In [3]: bag2 = Counter(a=2, b=2)

In [4]: bag1 > bag2
Out[4]: True

This seems like a bug to me. I expected the less-than and greater-than operators to perform set-like subset and superset comparisons. But if that were the case then bag1 > bag2 would be false because bag2 contains an extra 'a'. There also don't seem to be subset/superset methods on Counter objects. So I have two questions:

  1. What comparison logic is used for Counter objects?
  2. How can I compare Counter objects for subset, superset, proper-subset, and proper-superset?
William Reed
  • 101
  • 4
  • Have you read the documentation? – jonrsharpe Sep 04 '14 at 18:41
  • Yes, if you mean the ones here: https://docs.python.org/2/library/collections.html#collections.Counter They describe it as a bag/multiset, I assumed that meant the comparison operators would be meaningful. – William Reed Sep 04 '14 at 18:54
  • I had not seen the linked question before and I see how it's related but it's got a couple issues: no description of how to implement proper-subset though I guess that `<=` and `!=` though I don't know if there's a better way to implement and superset though I guess that's the inverse of subset. Also the accepted answer has a typo which a comment tries to call attention to. Not sure if someone can edit that. – William Reed Sep 04 '14 at 19:00
  • `set('abc')>set('ab')` is also `True` – dawg Sep 04 '14 at 19:28

3 Answers3

2

On Python 2, the comparison falls back to the default sort order for dictionaries (Counter is a subclass of dict).
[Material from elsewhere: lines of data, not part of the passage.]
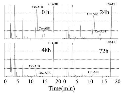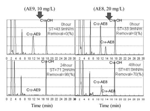 使用商用 AE8 進(jìn)行生物降解測試獲得的結(jié)果如圖 9 所示,其中 C12-AE8 和 C14-AE8 的峰分別在保留時(shí)間 11 分鐘和 14 分鐘附近觀察到。 觀察到18分鐘內(nèi)標(biāo)峰和8分鐘前的干擾峰以及圖8中AE9的結(jié)果。24小時(shí)后觀察到AE8峰面積減少,72小時(shí)峰消失。 144 小時(shí)(6 天)后表面張力值達(dá)到約 72.8 mN/m,而生物降解率僅為 45%,死亡率在 48 小時(shí)時(shí)降至 0%(圖 5)。 與 10 mg/L AE9 的結(jié)果相似,20 mg/L AE8 的水生毒性在基于需氧量的生物降解增加到 50% 之前消失。
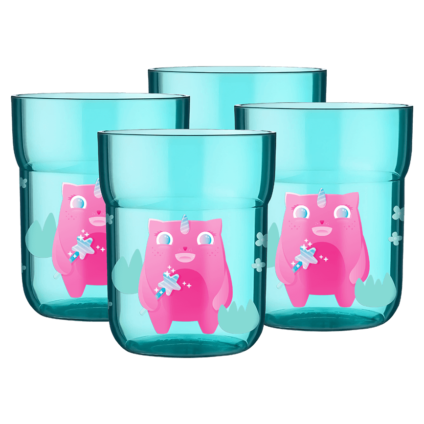 Mit einem Fassungsvermögen von 250 ml sind sie perfekt portioniert für den Durst Ihrer Kinder und dabei platzsparend ineinander stapelbar. So sorgen Sie spielend leicht für Ordnung in Ihrer Küche.
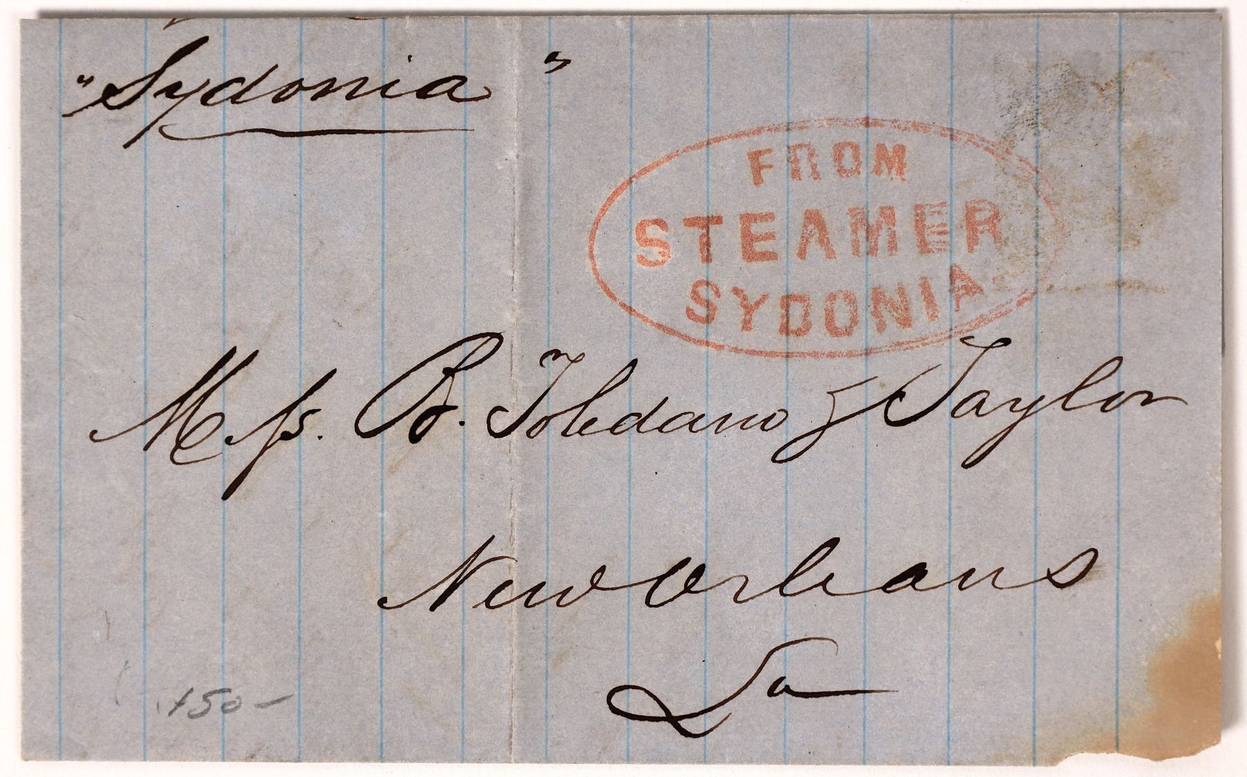 Stampless letter with 1855 from Washington. Asking for coffee-Bright orange 'From Steamer Sydonia'. To Toledano & Taylor Company. Sydonia ran the Red and Mississippi rivers. (Milgram 1342)
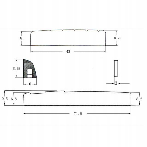 Nakrętka mostkowa: ok. 43x8,75mm/1,69x0,34 cala. (dł. x wys.)
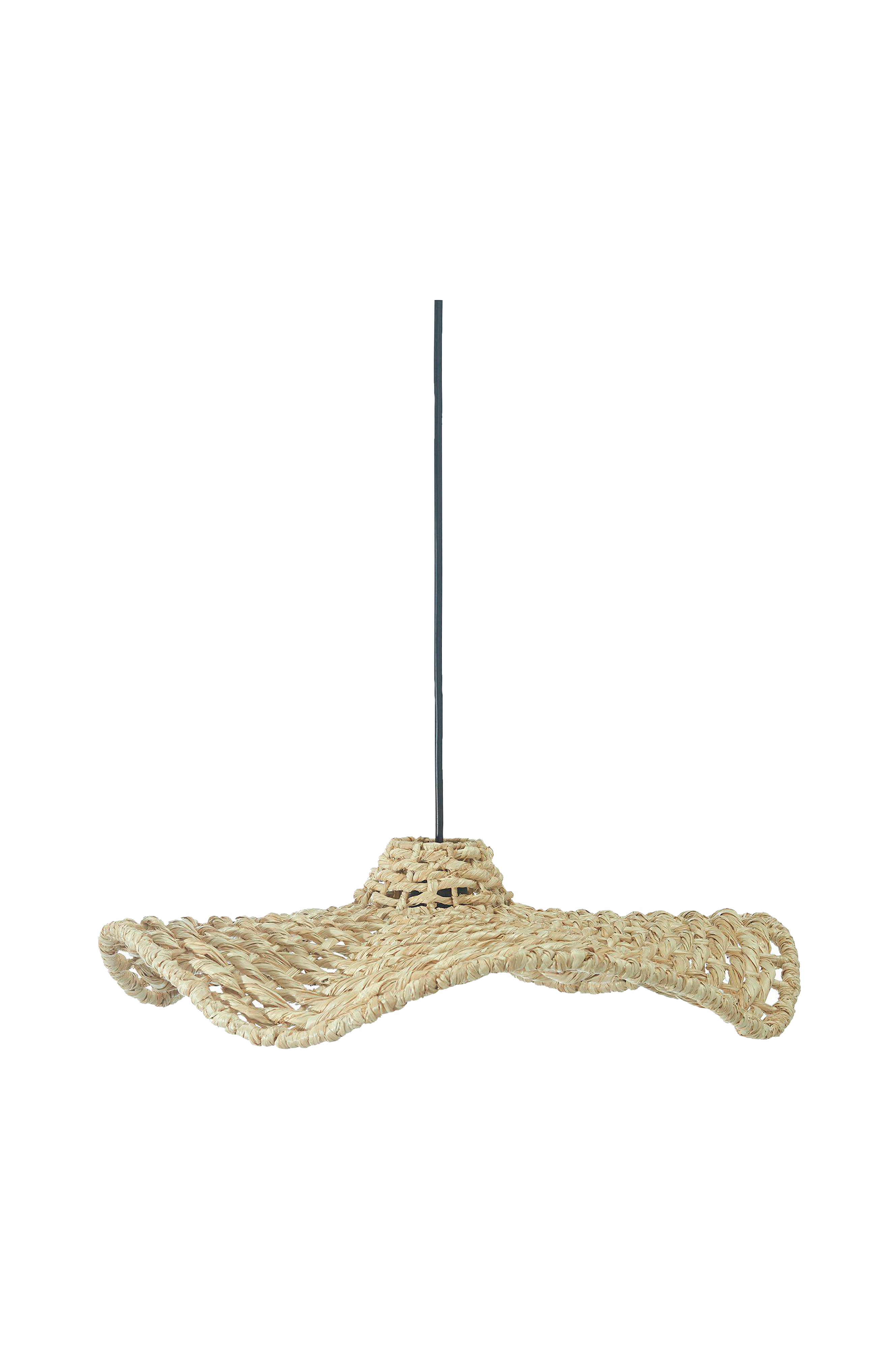 Tali loftlampe i håndflettede raffiablade. Raffia er en type palme med bløde og holdbare blade som er så smidige, at de kan flettes sammen til forskellige produkter, som f.eks. kurve, tæpper og lampeskærme. Da skærmen er lavet af naturmateriale, kan der være mindre størrelsesafvigelser, og farven kan ændre sig over tid. Diameter 46,5 cm, højde 12 cm. Sort loftophæng med baldakin til indendørs brug medfølger, og ledningen er 1,2 meter lang med en E27 fatning. Brug pære E27 maks. 40 W. Lyskilde og loftkontakt købes separat.
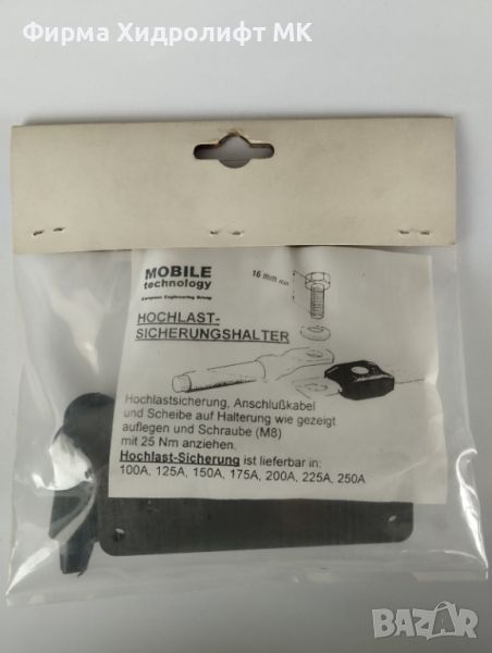Напълно изолиран държач за предпазители с голямо натоварване за защита на големи консуматори или вериги с високо натоварване. Държачът на предпазителя е снабден с резба M8 от двете страни.
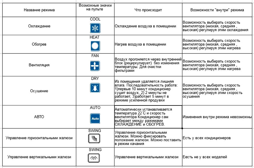 - Зачастую на пультах нет кнопки Mode. В этом случае следует поискать на пульте графические обозначения в виде «снежинки», «вентилятора», «капельки» или «солнца».
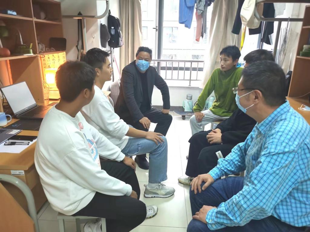 随后,张德高一行来到了顾塔里16号楼204学生宿舍走访,他询问了同学们近期的生活和学习状况,关心同学们在宿舍的居住情况,并叮嘱同学们保持良好的学习状态,注重身心发展,维护宿舍环境,增强安全意识。
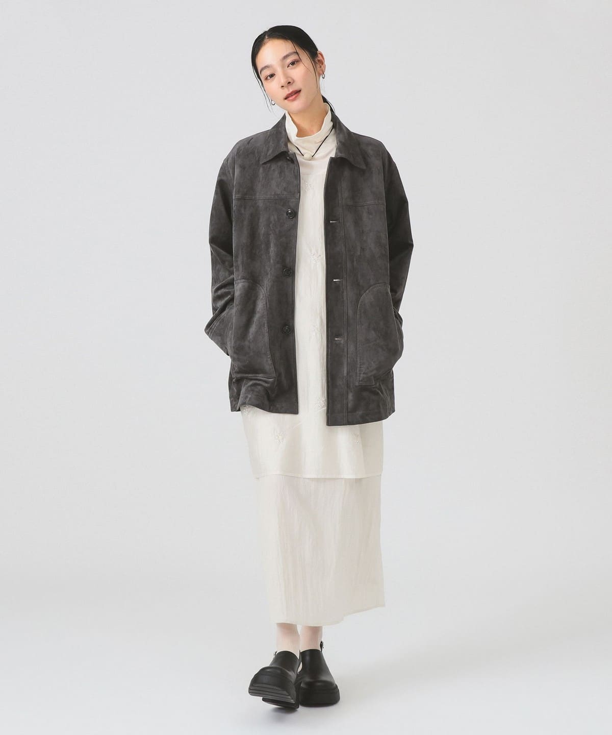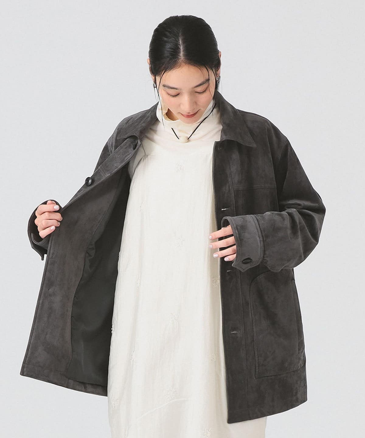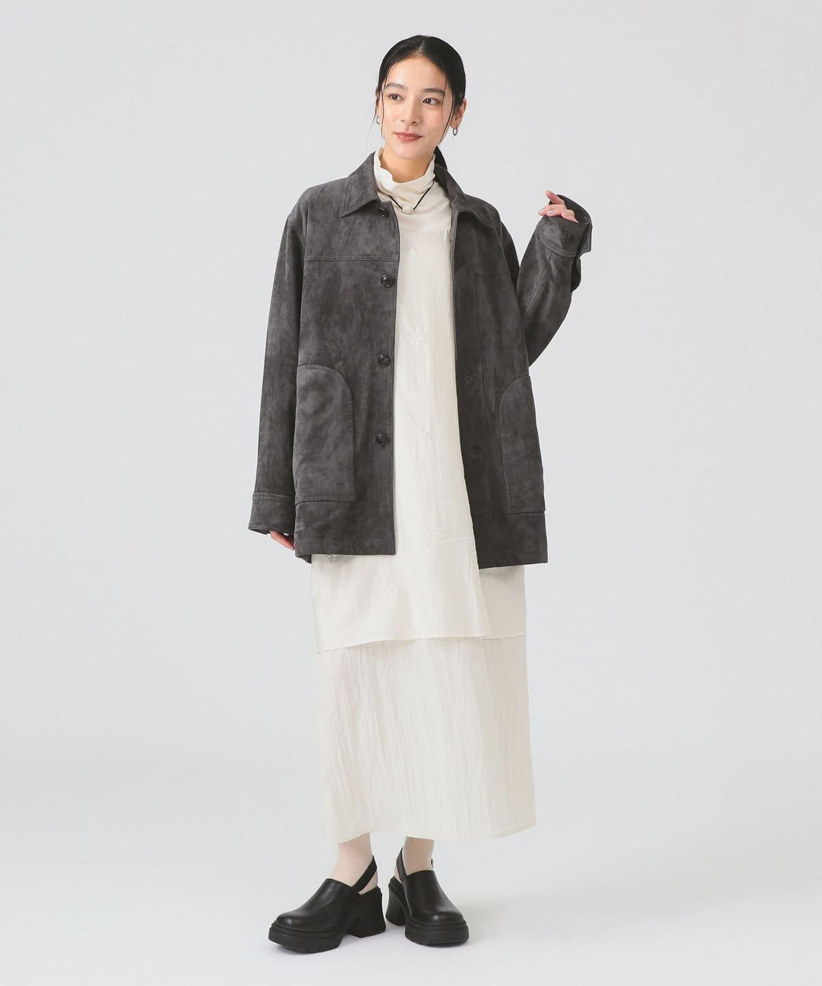 커버올 형태의 디자인을 모티프로 한 하프코트입니다. 은은한 드레이프감이 느껴지는 원단이며 부드럽고 매끄러운 촉감의 페이크 스웨이드 원단을 사용합니다. 여유로운 실루엣으로 이너를 겹쳐 입기에도 편안합니다.

Mappings (dictionaries) compare equal if and only if their sorted (key, value) lists compare equal. [5] Outcomes other than equality are resolved consistently, but are not otherwise defined. [6]

On Python 3, the comparison raises a TypeError:

Mappings (dictionaries) compare equal if and only if they have the same (key, value) pairs. Order comparisons ('<', '<=', '>=', '>') raise TypeError.

Steven Rumbalski
  • 44,786
  • 9
  • 89
  • 119
  • I'm Python 2.7, sorry forgot to mention. – William Reed Sep 04 '14 at 18:48
  • Also, comparison by memory address doesn't seem to happen here: id(bag1) is 4371127560 and id(bag2) is 4371127856. So `bag2` should be greater than `bag1`. – William Reed Sep 04 '14 at 18:50
  • @WilliamReed: The ordering you are seeing is arbitrary. – Steven Rumbalski Sep 04 '14 at 18:50
  • will it change during the life of the Python program? Will it change from execution to execution of the Python program? – William Reed Sep 04 '14 at 18:52
  • @WilliamReed: It should not change during the life a Python program. It *may* change from execution to execution. – Steven Rumbalski Sep 04 '14 at 18:53
  • 5
    It doesn't fall back to the default ordering; it falls back to the [dict implementation of `__cmp__`](http://hg.python.org/cpython/file/f17ab9fed3b0/Objects/dictobject.c#l1792), because `Counter` inherits from `dict`. – user2357112 Sep 04 '14 at 18:59
  • @user2357112 Thanks for the reference. That's much more comforting than the thought that it could change between executions. – William Reed Sep 04 '14 at 19:02
  • @user2357112: Updated as such. – Steven Rumbalski Sep 04 '14 at 19:04
  • 1
    @WilliamReed: user2357112 is certainly correct, but it's a small comfort. What does it mean to say one dictionary is less than another? In Python 2 the answer to that question is well defined, but was deemed so unuseful as to be done away with in Python 3. – Steven Rumbalski Sep 04 '14 at 19:21
1

This unanswered question is of interest:

How can I compare Counter objects for subset, superset, proper-subset, and proper-superset?

By defining the missing “rich comparison methods". You could also use free functions instead, which will make client code more explicit.

from collections import Counter

class PartiallyOrderedCounter(Counter):

    def __le__(self, other):
        """ Multiset inclusion """
        return all( v <= other[k] for k,v in self.items() )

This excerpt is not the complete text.